Bispo de Roma, torcedor do San Lorenzo e peronista
Casado, o teólogo brasileiro Leonardo Boff é um dos religiosos que aceitam discutir se os sacerdotes devem mesmo ser solteiros, ou não.
– Qual você acha que será a postura dele sobre o tema?
– Minha suspeita é de que o papa, aos poucos, vai abolir a obrigatoriedade do celibato eclesiástico. Uma forma seria admitir que alguns podem voltar a exercer o ministério. Outra forma seria permitir que fosse opcional.
– E você, o que fará? Você está casado, foi padre franciscano…
– Eu continuo, como continuei fazendo o que fazia antes, inclusive quando me sancionaram, ou quando deixei o hábito. Continuo celebrando, batizando, enterrando mortos. Não por provocação à Igreja, mas sim para atuar de acordo ao que a comunidade me pede. Faço aquilo que penso que deve ser feito. Juntos, como homens e mulheres, todos juntos possam celebrar e consagrar. Além disso, continua escrevendo. Sobre ecologia e sobre teologia. Em algum momento, Roma certamente preferiu que eu me tornasse gerente da Coca Cola Brasil, mas eu preferi a teologia.
– Que mudanças teológicas o seu próprio casamento produziu?
– Percebi até que ponto a Igreja é injusta. O matrimônio é uma escola de santidade. Nós temos que saber compreender, renunciar, aceitar a diversidade de gênero, conviver com as relações históricas de poder. Os sacerdotes solteiros podem ter características pessoais mais duras que as que teriam os sacerdotes casados. Na pastoral, a aproximação e a amizade têm sentido. O matrimônio não é uma complementação, porque cada parte é completa.

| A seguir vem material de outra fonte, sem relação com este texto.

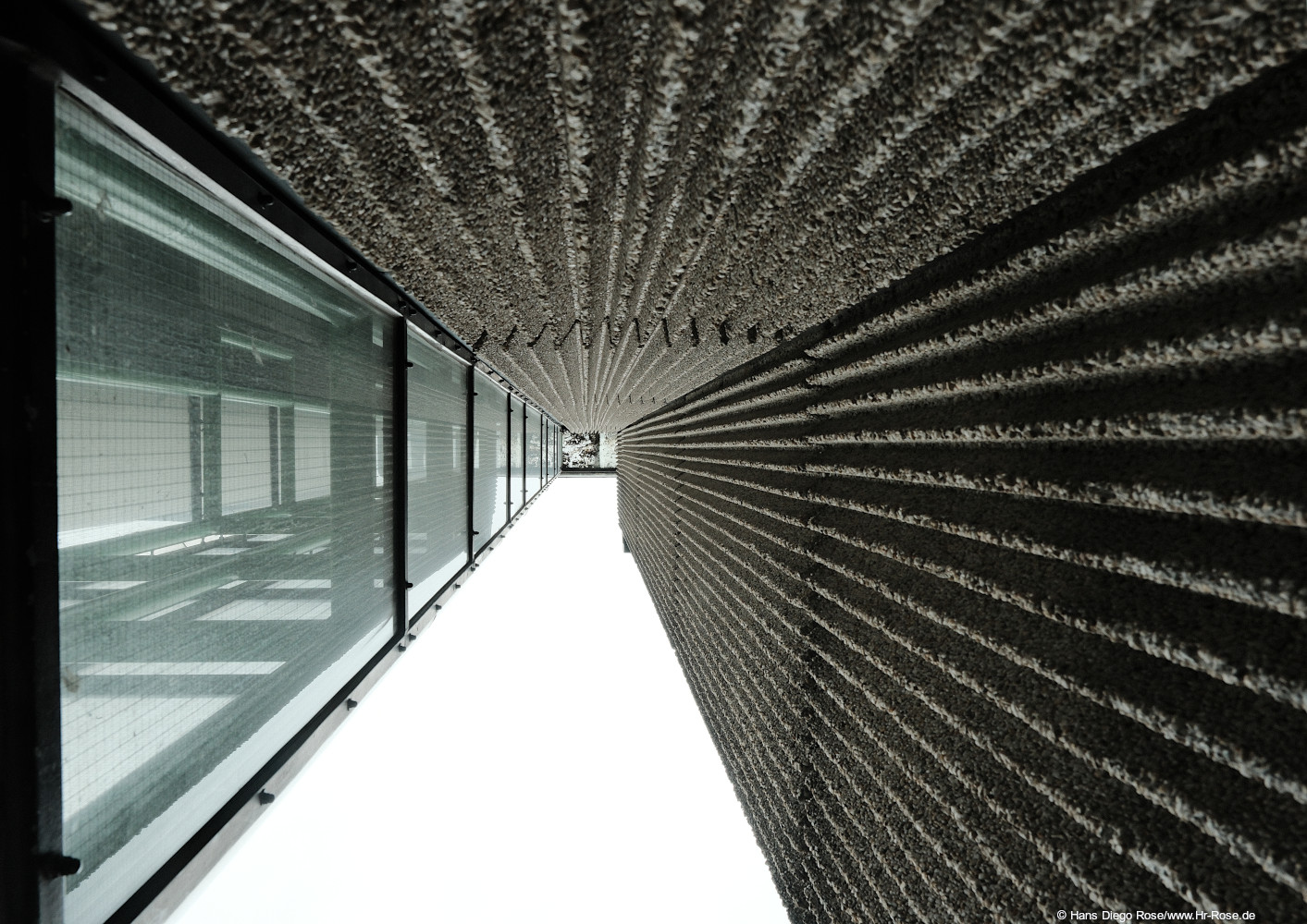 Froschperspektive im urbanen Raum: Die Architektur gewinnt an Höhe und Dominanz, Linien bündeln sich und lenken den Blick nach oben.

O matrimônio é reciprocidade.
– Como define o exercício pastoral de Francisco?
– Ele mesmo o definiu. Disse que antes que papa, era o bispo de Roma, ou seja, pôs em primeiro lugar sua responsabilidade pastoral, e anunciou que se basearia não no direito canônico e sim na caridade. Também reconheceu que as mulheres são mais da metade da Igreja. Meu sonho é uma Igreja mais laical, e que seja feminina-masculina, superando o poder como hierarquia. Carl Jung dizia que com o poder não há amor, porque o poder faz desaparecer o amor e a misericórdia. O conceito bíblico de poder é reforçar o poder do outro, não acumular mais poder próprio. O papa disse que seu ideal de Igreja é o rebanho com o pastor no meio de todos, tratando de que ninguém se adiante demais, e permitindo que os que se atrasam possam recuperar o passo.

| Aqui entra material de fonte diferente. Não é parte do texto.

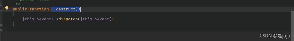 $this->events和$this->event可控,令$this->events为调用dispatch()方法的某个类

– Você sabe que essa postura poderia ser inspirada por Juan Domingo Perón?
– Eu sei que o papa é peronista. Mas, por que você me diz isso?

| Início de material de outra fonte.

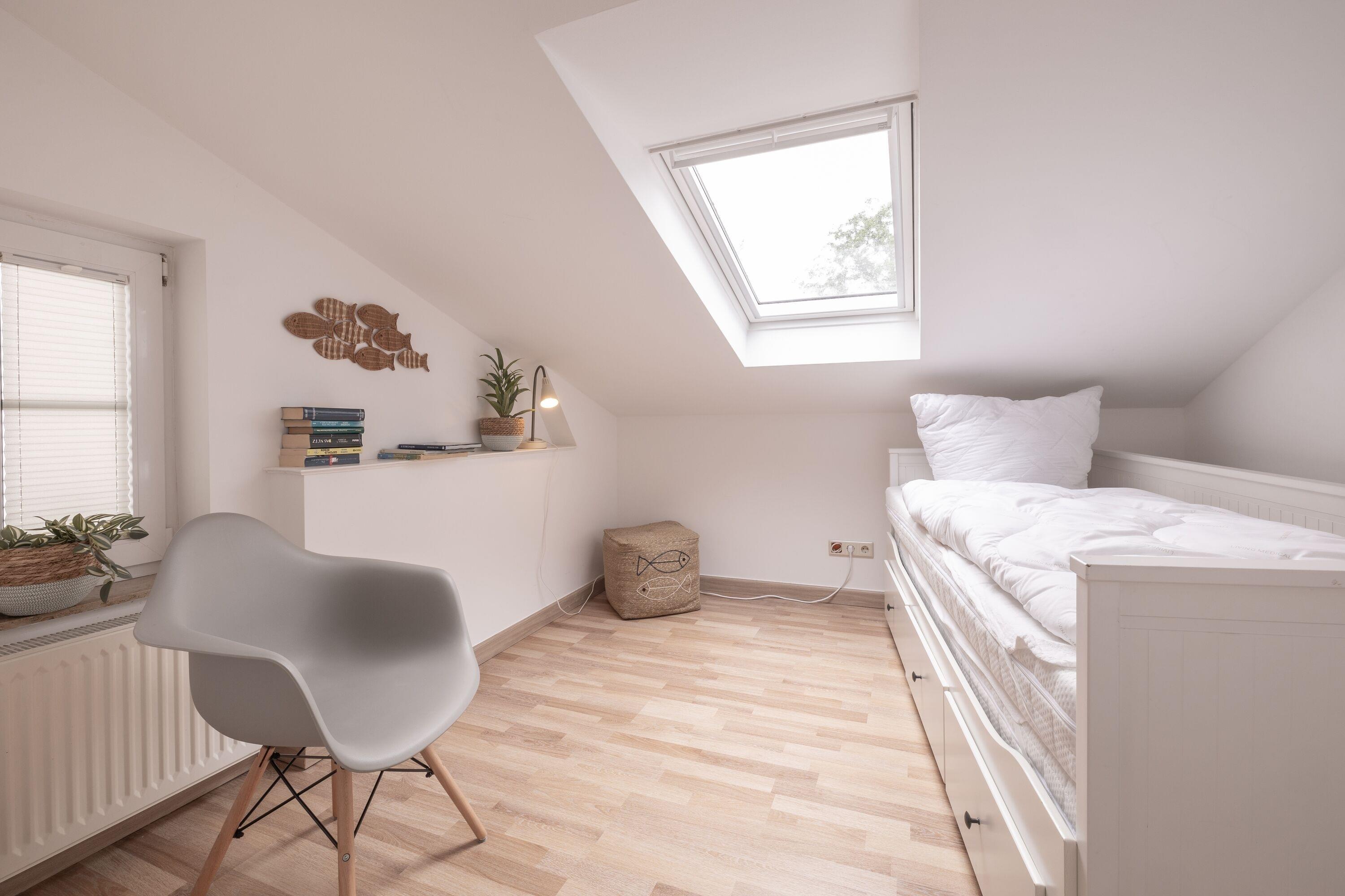 Charmante Ferienwohnung Wind & Wolke in Sellin mit romantischen Dachschrägen und moderner Ausstattung.

– Por uma frase de Perón: “nem apressados nem retardatários”.
– Claro, é o mesmo que a ideia de Francisco sobre o pastor e o rebanho!
– Agora eu lhe pergunto: como você descobriu que o papa é peronista?
– Porque ele disse isso à presidenta (brasileira) Dilma numa conversa. Disse que ele era o bispo de Roma, o papa, torcedor do San Lorenzo e peronista.